> _PROBLEM_
Transcribe only the lines in the data below falling between the line with "- 春のマルチボーダー柄の手" and the line with "Funda de Piel", including those two lines, and leave out any picture.

> _DATA SUPPLIED_
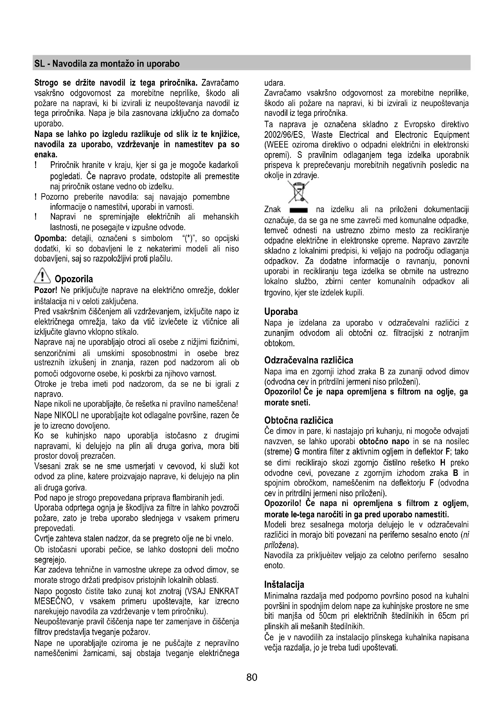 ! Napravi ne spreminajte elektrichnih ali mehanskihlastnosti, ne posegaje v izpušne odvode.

* * *

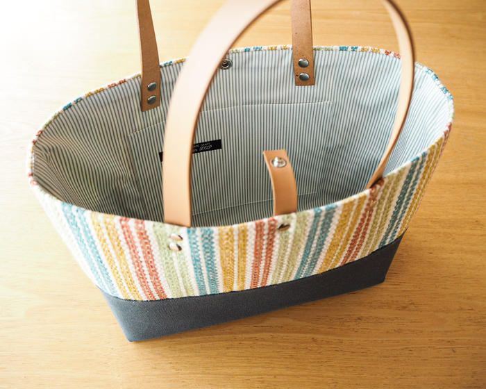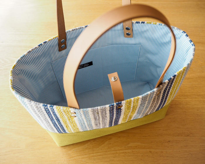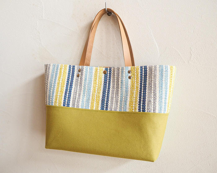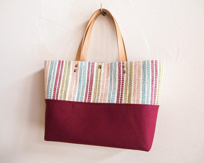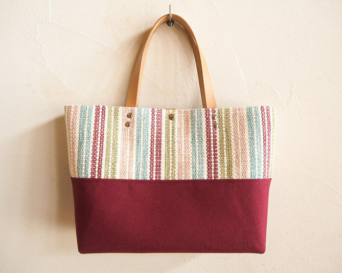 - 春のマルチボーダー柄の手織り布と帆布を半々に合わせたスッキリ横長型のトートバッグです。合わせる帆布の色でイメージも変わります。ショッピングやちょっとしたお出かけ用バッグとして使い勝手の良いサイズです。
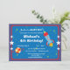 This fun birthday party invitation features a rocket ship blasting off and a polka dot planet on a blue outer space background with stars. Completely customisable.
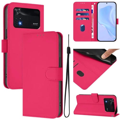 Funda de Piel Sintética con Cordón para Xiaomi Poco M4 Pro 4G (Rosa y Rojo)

> _SOLUTION_
 - 春のマルチボーダー柄の手織り布と帆布を半々に合わせたスッキリ横長型のトートバッグです。合わせる帆布の色でイメージも変わります。ショッピングやちょっとしたお出かけ用バッグとして使い勝手の良いサイズです。
 This fun birthday party invitation features a rocket ship blasting off and a polka dot planet on a blue outer space background with stars. Completely customisable.
 Funda de Piel Sintética con Cordón para Xiaomi Poco M4 Pro 4G (Rosa y Rojo)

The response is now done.